- _Task to complete_: Set down the data again word for word. Skip any pictures.

- _Recorded data_:
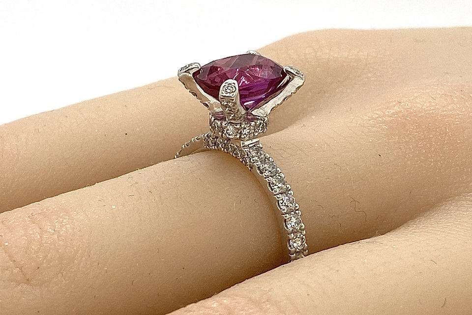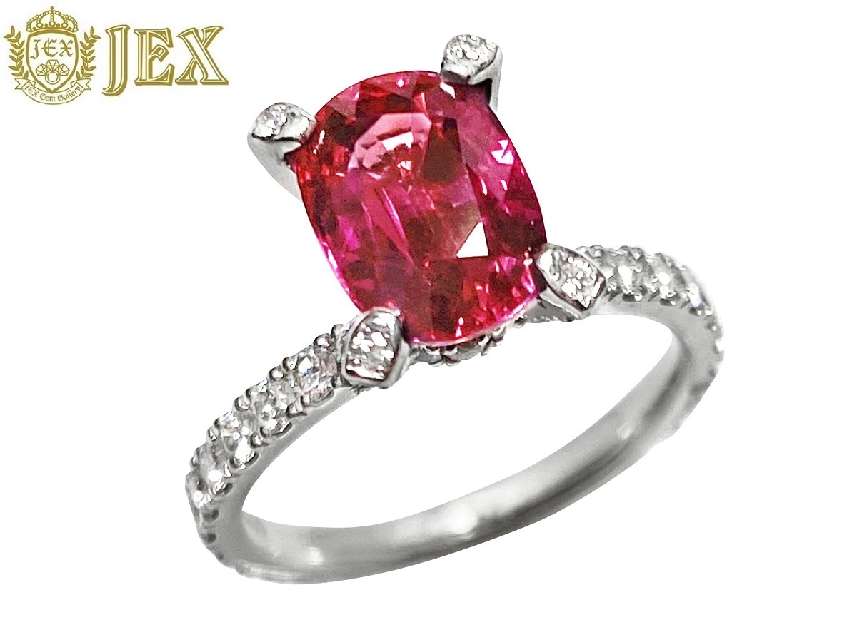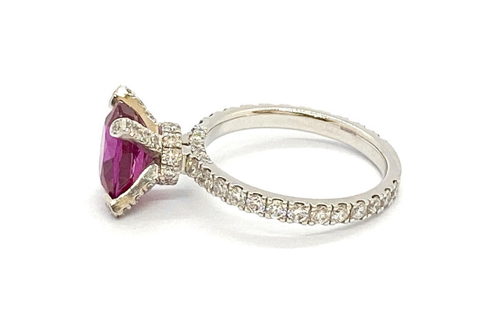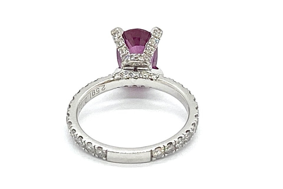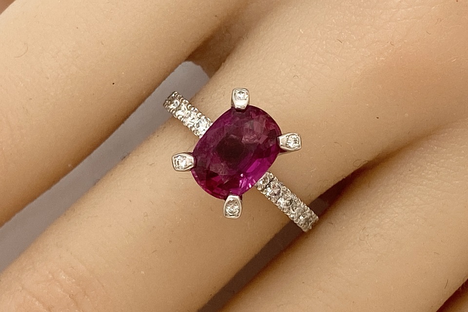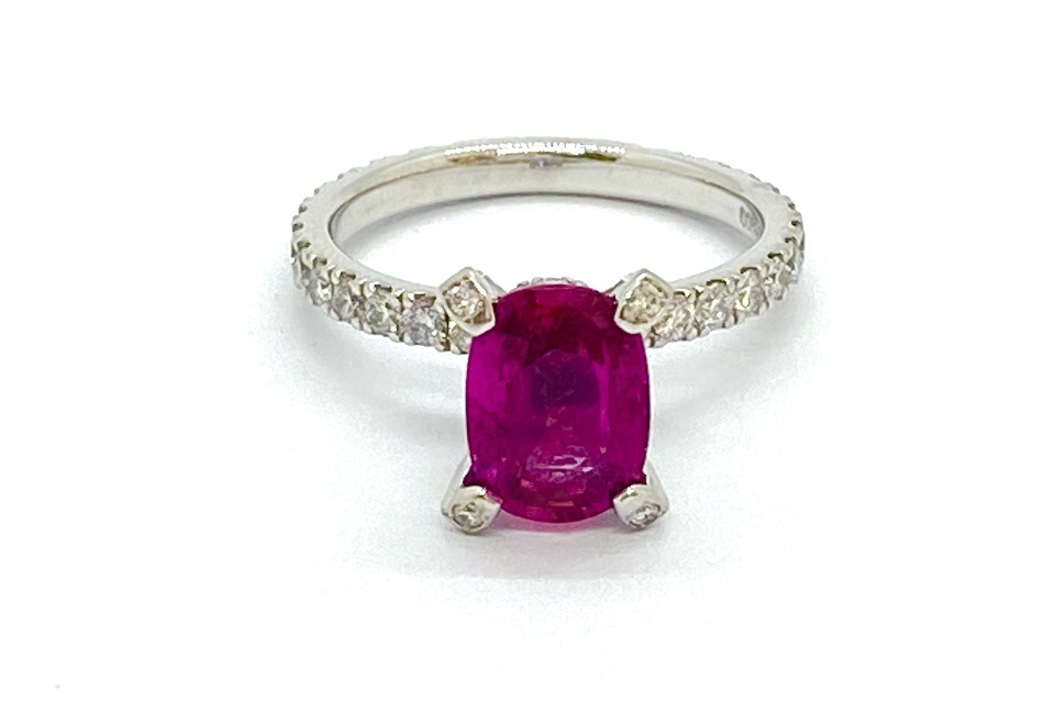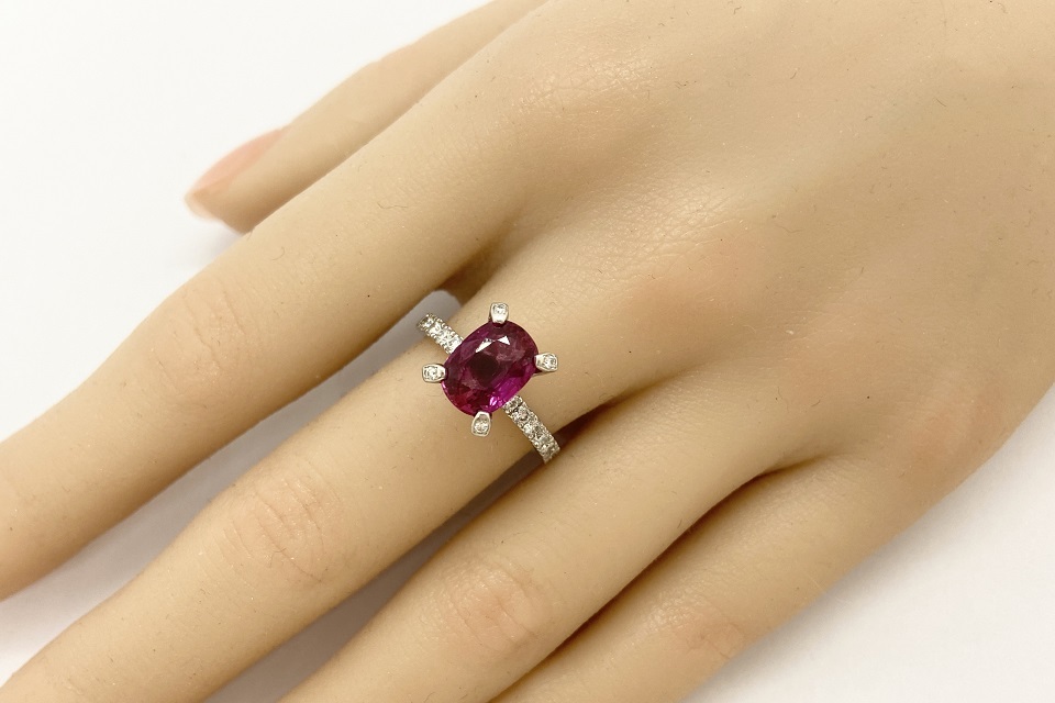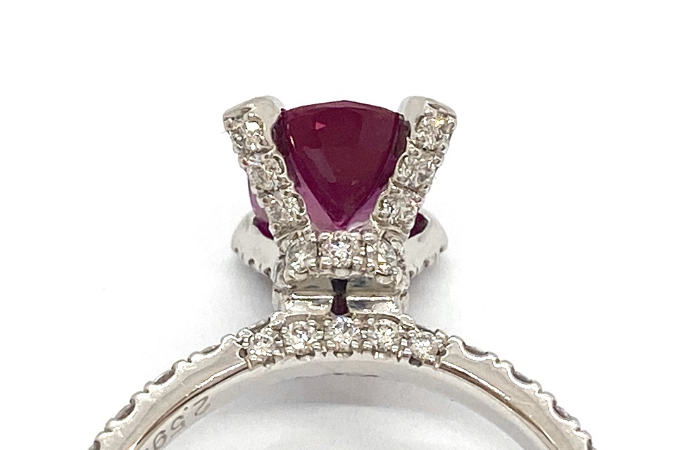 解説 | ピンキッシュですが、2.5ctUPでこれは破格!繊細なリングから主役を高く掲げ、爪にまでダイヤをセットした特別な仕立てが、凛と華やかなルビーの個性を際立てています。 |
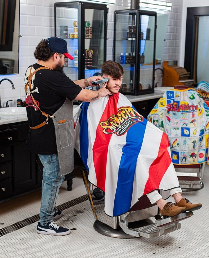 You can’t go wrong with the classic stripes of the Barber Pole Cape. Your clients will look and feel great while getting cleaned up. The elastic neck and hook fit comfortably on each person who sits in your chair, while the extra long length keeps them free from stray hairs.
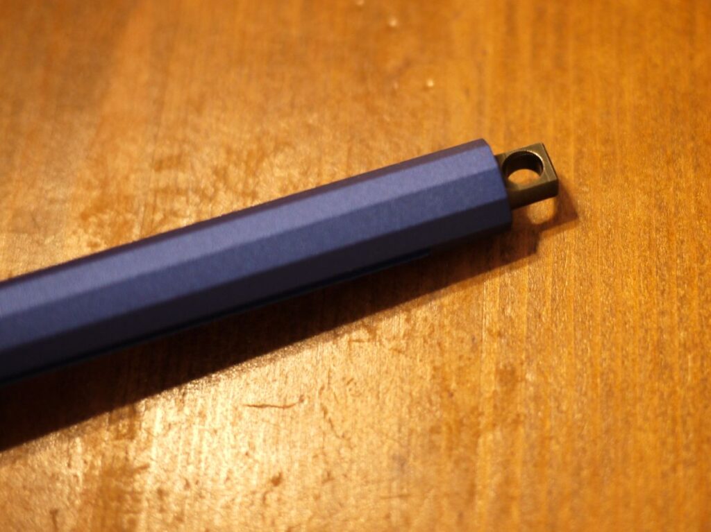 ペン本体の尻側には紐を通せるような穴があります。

- _Written solution_:
 解説 | ピンキッシュですが、2.5ctUPでこれは破格!繊細なリングから主役を高く掲げ、爪にまでダイヤをセットした特別な仕立てが、凛と華やかなルビーの個性を際立てています。 |
 You can’t go wrong with the classic stripes of the Barber Pole Cape. Your clients will look and feel great while getting cleaned up. The elastic neck and hook fit comfortably on each person who sits in your chair, while the extra long length keeps them free from stray hairs.
 ペン本体の尻側には紐を通せるような穴があります。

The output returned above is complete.